Молчит и продолжает распускать леску. Что делать? Не драться же с самым верным корешом. Между нами такого не было никогда. Я даже подрастерялся. И тут замечаю кем-то воткнутую в песок палку, как раз напротив сазаньего места.
– Видишь вешку? - киваю головой. - Специально поставил, чтобы путаницы не было...
Аргумент убийственный. Друг уходит. Я и на этот раз ловлю своего сазана. И снова накрываю его голым пузом, и опять собираю по берегу оторванные крючки и грузило, и вновь тихо благодарю Урал... Мишка смотрит на меня с подозрением. Может, о чем-то и догадывается. Но у него свои «фокусы», у меня — свои.
Взираю на противоположный берег. «...Далеко-далеко колокольчик звенит. Рыбаки в шалаше пробудилися...» И я слышу едва уловимый радостный перезвон, вижу рыбаков... Их много — Абрам, Петрик, Зыня, Толик Колесников... Мы с Михаилом, естественно. И мой отец! Наконец-то, он выбрался на рыбалку. Высокий, в черных сатиновых «семейках», разрисованный «офицерским» загаром — лицо, шея, кисти рук коричневые до черноты, а жилистое сильное тело сметано-белое. И в военкомате, и в командировках он застегнут на все крючки. Служба обязывает.
Рыбачит он азартно. Швыряет дальше моего, конечно же. Пришлось размотать закидные на полную катушку, чего я никогда не делал. Лишь «мосол» пребывает в своей первозданной длине. Бате снасть не интересна — коротка. А на глубине берет язь, что по силе и красоте своей рыбьей мало в чем уступает сазану.
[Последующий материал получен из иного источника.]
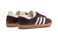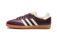 The Women’s adidas Samba OG “Maroon/Cream White” is a women’s-exclusive colorway of the classic indoor soccer shoe with a maroon-based appearance. The upper features a maroon leather base with a tonal suede overlay on the toe. Cream White Three Stripes branding appears on both sides, while a gold “Samba” logo can be found on the lateral side of the midfoot. Gold adidas branding appears on the Cream White tongue. Underfoot, a gum rubber sole rounds out the look.
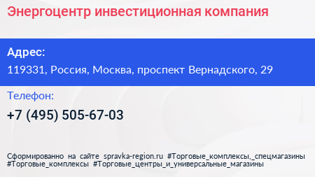 Энергоцентр, инвестиционная компания по адресу 119331, Россия, Москва, проспект Вернадского, 29 в дальнейшем Организация, размещена в следующих категориях:
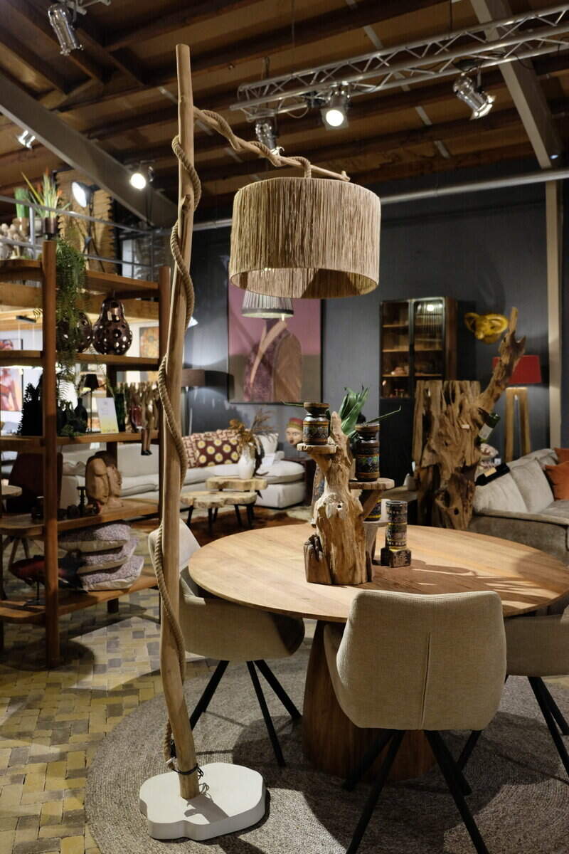 Deze unieke staande lamp is een echte blikvanger in elk interieur. Het speelse ontwerp met een organisch gevormde houten stam en grof gedraaide touwdetails geeft de lamp een ambachtelijke en natuurlijke uitstraling.

Разве, что по мозгам.
Папка вынимает очередной серебристый оковалок. И гордо показывает:
– Смотри!
Экземпляр, в самом деле, достойный — килограмма на полтора. У мальчишек тоже язь клюет, но чаще синец и подлещик. Чебак, одним словом. Правда, Михаил настоящего леща выудил. Килограмма на два. Засветился лицом сразу.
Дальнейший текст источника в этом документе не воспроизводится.